This action was brought by the plaintiffs to recover a so-called trackage charge of one dollar a ear upon shipments of forest products over defendant’s railroad. The payments were involuntary. There was a verdict for the plaintiffs. On the alternative motion of the defendant for judgment or for a new trial judgment was ordered notwithstanding the verdict. Upon this order judgment was entered. The plaintiffs appeal from the judgment.
The defendant is a railroad corporation organized under the laws of this state. It was incorporated in 1904. Its line extends from Deer River in Itasca county some 50 miles to the north. It has a connection at Deer River with the Great Northern. Deer River is its operating and general headquarters. This line of road was originally constructed and owned by the Itasca Lumber Co., a private corporation, and was operated as a logging road. In 1904, upon its incorporation, the road was taken over by the defendant. There is a common ownership of the stock of the railroad company and the lumber company.
There are a number of stub lines connecting with this main line. The roadbed of the stub lines was constructed and the ties furnished and laid by the lumber company. The rails and fasteners are owned by the railroad company. It laid the rails and maintains the roadbed and tracks. The lumber company does not own all of the right of way but has permissive, or at least unrestrained, use of it. None of the stub lines exceeds five miles in length.
For a number of years the railroad company has operated over these stub lines and is in all respects a common carrier over them'. By G. S. 1913, § 4247, carriers include all common carriers engaged in transportation “whether such carrier owns or operates the line or lines” over which it transports. By the next section railroad is *123made to include “all the road in use by any corporation operating a railroad, whether owned or operated under a lease or other contract.”

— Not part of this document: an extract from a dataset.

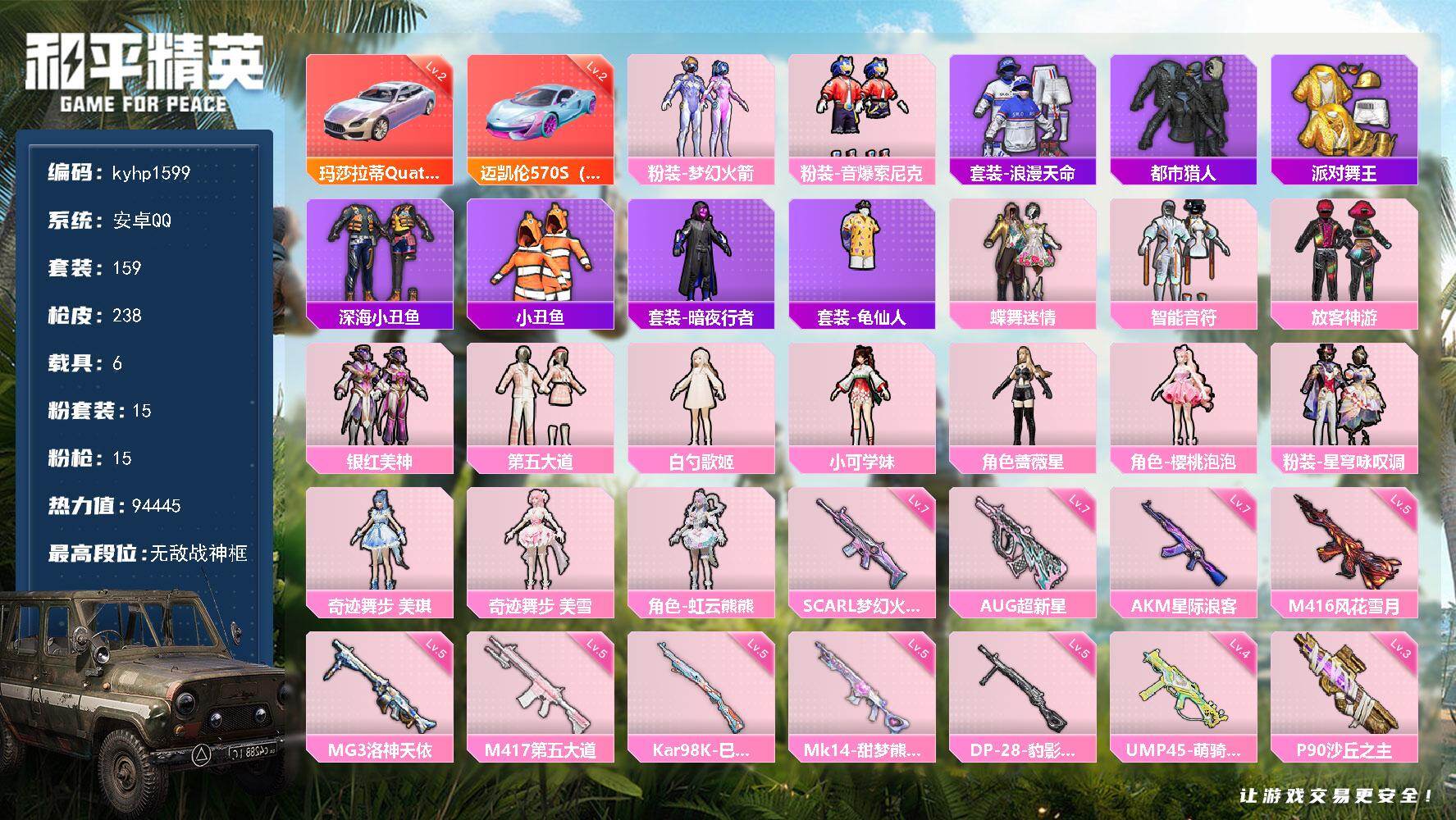 PX_2554417--无敌战神框-15粉装-15特效枪-6载具-7粉色飞行器-94445热力值-11王牌印记-159套装-238枪皮 【红色载具】:玛莎拉蒂Quattroporte(幻星粉)(二级),迈凯伦570S(炫冰蓝)(二级) 【热门品类】:粉装-梦幻火箭,粉装-音爆索尼克,套装-浪漫天命,套装-都市猎人,套装-派对舞王,套装-深海小丑鱼,套装-小丑鱼,套装-暗夜行者,套装-龟仙人 【粉色套装】: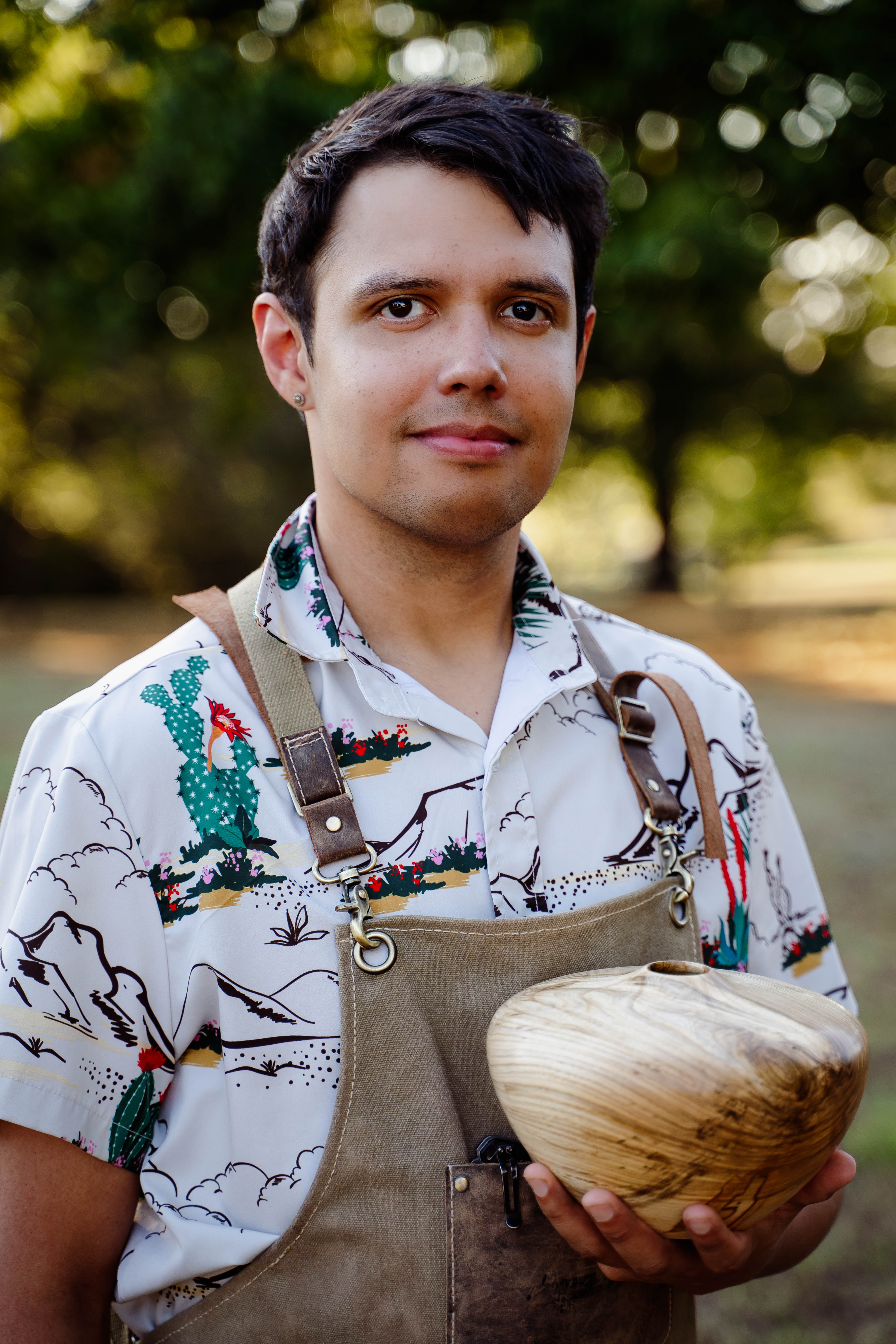 Micah Hart is a Chickasaw and Cheyenne artist based in Oklahoma City. Hart has spent his entire life surrounded by art. His mother, Jeannie Barbour, is an accomplished painter and illustrator. His motivation to take up woodturning in December 2024 is credited to spending his childhood watching his father, an experienced woodturner.

The defendant is as much a common carrier over these stub lines as over its main line. It has established a mileage distance tariff of freight charges. It charges a distance mileage tariff from the point of origin on the lumber company’s stubs to Deer Diver. The charge is graduated on a five mile basis, all distances less than five miles being counted five miles. It makes a like charge on its main line. Its local freight tariff contains this provision:
“A trackage charge of one dollar per ear in addition to regular freight rates will be charged for the Itasca Lumber Company on all business moving to or from points on their lines.”
Tor this trackage charge the defendant performs no service. It is not a transportation charge or a switching charge or a terminal charge or a storage charge. It does nothing in return for it. It is in no sense a service charge. There are no contractual or other relations between the plaintiffs and the lumber company. The charge is either in the nature of an overhead charge of the railroad company, or a charge exacted for the lumber company for the use of the stubs. It is exacted of all except the lumber company.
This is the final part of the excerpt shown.